With regard to the task specific subscales, normal visual acuity was associated with greater recall of health information presented via multimedia format (β = 3.86; 95% CI 0.70–7.02, p=0.02), more accurate dosing of multi-drug regimens (β = 2.48; 95% CI 0.05–4.92, p=0.05), and recalling more medical information during a spoken encounter (β = 2.82; 95% CI 0.12–5.53, p=0.04). A non-significant trend was found for interpreting medical information on print documents (β = 1.90; 95% CI −0.22–4.01, p=0.08). Greater performance on all cognitive assessments and white race were also associated with better performance on each subscale (all: p’s<0.05). Adequate health literacy was associated with better performance on each subscale, except the multimedia task (all: p’s<0.05). We tested the interaction between health literacy and visual acuity for each outcome, all of which were non-significant.

Discussion

In this cohort of community-dwelling older American adults, mild visual impairment (20/30 – 20/50) was common (4 in 10) and found to be a risk factor for inadequate performance on everyday self-care tasks. This included proper dosing of a multi-drug regimen, as well as comprehension and recall of health information across a variety of media sources. Importantly, mild visual impairment was independent of other risk factors, such as low health literacy and cognitive ability, which would require a different form of remediation. Older adults categorized as having a mild visual impairment would likely not be identified as in need of intervention as they are still within a normal threshold. Healthcare professionals may overlook these patients’ limited visual acuity and not perceive a need to intervene, despite their demonstrated self-care challenges. Our findings highlight several specific concerns with this common problem and the implications to healthcare providers and practices to meet the needs and desires of an aging population.

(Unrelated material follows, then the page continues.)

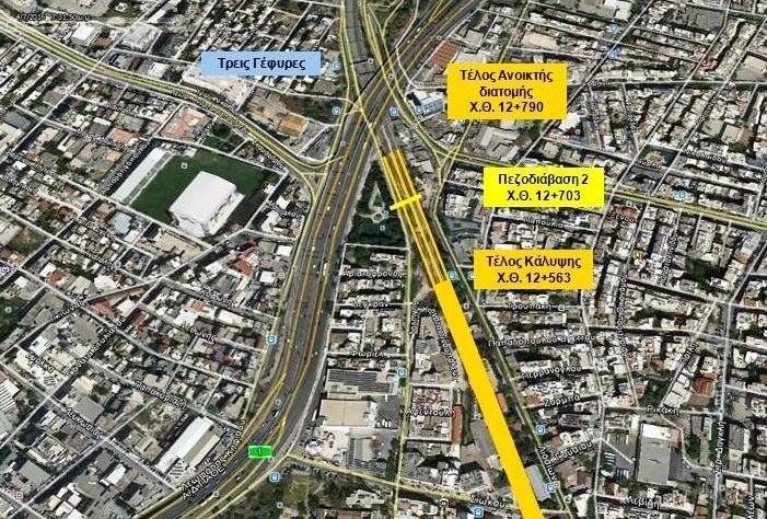Το αντικείμενο του έργου αφορά στην κατασκευή τετραπλού σιδηροδρομικού διαδρόμου, μήκους 2,36 χλμ, εκ των οποίων τα 1,91 χλμ. υποβαθμισμένου / υπογειοποιημένου, ο οποίος ξεκινά από την έξοδο του Σιδηροδρομικού Σταθμού Αθηνών προς Θεσσαλονίκη (ΧΘ 10+821) και καταλήγει στις Τρεις Γέφυρες (ΧΘ 13+181), στη περιοχή Σεπολίων του Δήμου Αθηναίων, όπου συναντά τον πρόσφατα κατασκευασμένο και σε λειτουργία νέο τετραπλό σιδηροδρομικό διάδρομο.

Our findings suggest individuals designing healthcare artifacts should be mindful of varying levels of eyesight within a normal range. One common example is medication labels. There is limited space on drug labeling, and as a result pharmacies are likely to use small font sizes. One study found prescription drug instructions are conveyed using an average 9.3 font size, and warning stickers attached to the bottle are presented in an average 6.5 font size (Shrank et al., 2007). Small font size may lead individuals to struggle with seeing and acting upon medication labels, as well as increase the risk for errors and adverse events. Patient-centered labels were recently mandated by California legislature, which requires text on drug labeling to appear at a minimum of 12-point font and in sans serif typeface (California State Board of Pharmacy). Revising font size on common healthcare products may improve an individual’s ability to more accurately follow recommended self-care behaviors.

A further implication of our work relates to the increasing use of technology to communicate health information (Bailey et al., 2014; Wilson et al., 2012). The National Institute of Aging (NIA) and the American Disabilities Act (ADA) offer recommendations for improving accessibility of websites to older adults and individuals with low vision, respectively. This includes the use of 12 or 14 point font size and high contrast between type and background (Hodes & Lindberg, 2002). Additionally, webpage designers often fix the color and appearance of the webpage; the ADA encourages permitting viewers to manipulate the font size or background contrast. To facilitate this process the NIA recommends the addition of radio buttons at the top of the webpage for the viewer to easily change text size and contrast. However, older adults have less familiarity with these technological features and may be more challenged in making such manipulations (Zickuhr & Smith, 2012). As a result, they may require training in using these technologies. Ensuring information is presented in large font may also facilitate their use.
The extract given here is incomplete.